The Future of All-flash Storage Arrays & HCI

The Future of All-flash Storage Arrays & HCI

Let's take a quick look at where all-flash storage arrays and HCI are going in 2017. There will big changes in the devices themselves, the interconnects used to access them in an external storage arrays and the APIs that are used by applications to perform their storage operations.

THE DEVICES

The latency to SATA HDDs is on the order of 10,000uS and the latency to SATA SSDs is 1,000uS, so it's no wonder all-flash arrays have captured market segments that need the 10X speed increase. The next wave of devices are NVMe SSDs, which have latencies on the order of 100uS, making them 10X faster than SATA SSDs. But wait there's more - Storage Class Memory (SCM) like Intel/Micron 3D XPoint NVDIMMs are here and because they live on the memory bus instead of the PCIe bus, they have latencies on the order of 1uS, that's 100x the performance of SATA SSDs. Just as SSDs are used to cache data residing on HDDs today, next-gen storage arrays will use 3D XPoint NVDIMMs to cache data residing on NVMe SSDs.

THE NETWORKS

The SATA 3.0 bus delivers roughly .6GB/s of throughput while the PCIex4 bus commonly used for NVMe SSDs delivers just under 4GB/s - an increase of roughly 6.5X in throughput. To implement shared NVMe SSD storage in an external array, a proprietary PCIex4 mesh architecture is used by EMC DSSD and a wave of innovative storage arrays are arriving that use the new NVMe over Fabrics (NVMe-oF) industry standard protocol that can use, among other fabrics, common 10Gb to 100Gb Ethernet links through prevalent DCB-compliant Ethernet switches and popular RNICs such as those from Milano and Chelsio.
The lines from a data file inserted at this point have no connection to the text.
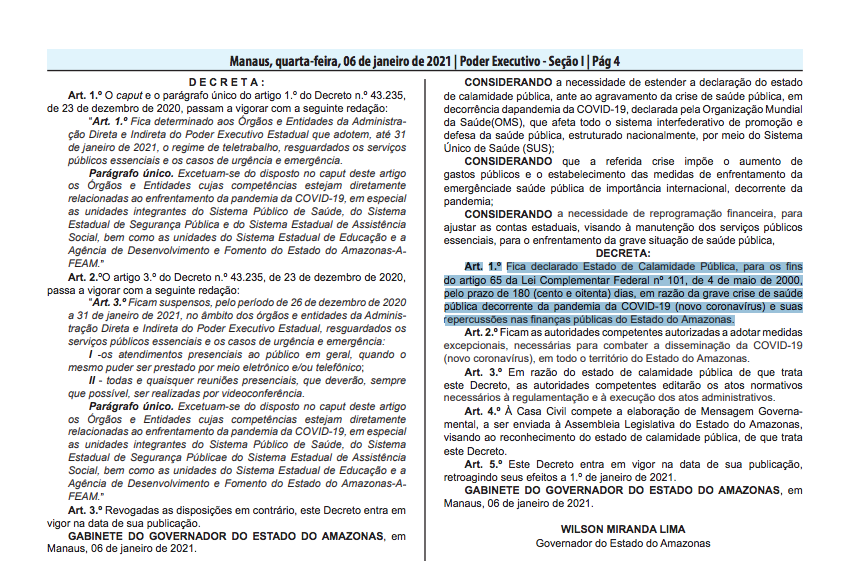 Neste ano (2021), o governador do Amazonas, Wilson Lima, prorrogou por mais 180 dias (seis meses) a situação de calamidade pública em todo o Estado, por conta do avanço da Covid-19, que voltou a lotar hospitais e cemitérios na capital. A prorrogação foi publicada no Diário Oficial do Estado de quarta-feira (06/01). Confira:
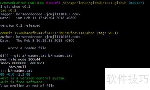 9、 通过执行git show v0.1命令,可查看此前创建标签时所附的详细说明信息,具体效果所示。
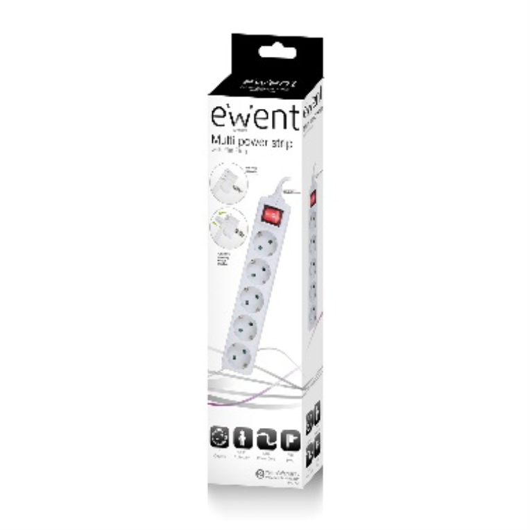 Ewent EW3955 base múltiple 1,5 m 5 salidas AC Interior Blanco

Without the DMA capability of RNICs, Ethernet network communications introduce too much latency, which is why they are already widely used in datacenters. NVMe-oF will bring to market standards-based equipment and a choice of vendors for datacenter operators.

THE PROTOCOLS

What's really going to turn storage on it's head is the protocol changes for applications that are doing storage operations. The ubiquitous SCSI protocol stack with its user-space to kernel-space transitions, copies and asynchronous I/O mechanism that relies on I/O interrupts all combine to create a huge software latency for each I/O request on the order of 100uS according to SNIA. Yes, you read that right. Add in the latencies of the operating system's file system and the time required to do in-line compression, encryption, HA, durability and snapshots, and the impressive speed increases of NVMe SSDs and SCM memory are completely wasted. 

THE NEW APIs

When applications need maximum speed, they will move to a programing model where the entire I/O operation takes place in user space over RNICs to NVMe-oF storage arrays. The fastest client-side programming interfaces include the NVM Express APIs, Intel's SPDK APIs, or the Windows Server 2016 SCM APIs that use memory-mapped files as the programming paradigm with IB-style request and completion queues that reside in user space to eliminate transitions to kernel space, unnecessary copies and interrupt latencies. Two application programing models will emerge for access to NVMe SSD storage: one will be compatible with existing applications, and will inherit legacy latencies, while the new paradigm stays in user space and will be 2-10x faster - for new applications that have the most pressing need for speed.

THE FUTURE

In 2017 opportunities exist for hardware manufacturers, firmware creators and software engineers to leverage the new cutting-edge NVMe SSDs for speed, and to add enterprise-class features to NVMe-oF storage arrays and HCI appliances like compression, de-duplication, encryption, HA, durability and snapshots - without introducing latencies. Please don't forget my favorite storage feature - the zero copy clone for my VMs and please give me support for my persistent Docker Containers. To deliver that, it will be a busy and exciting 2017 indeed!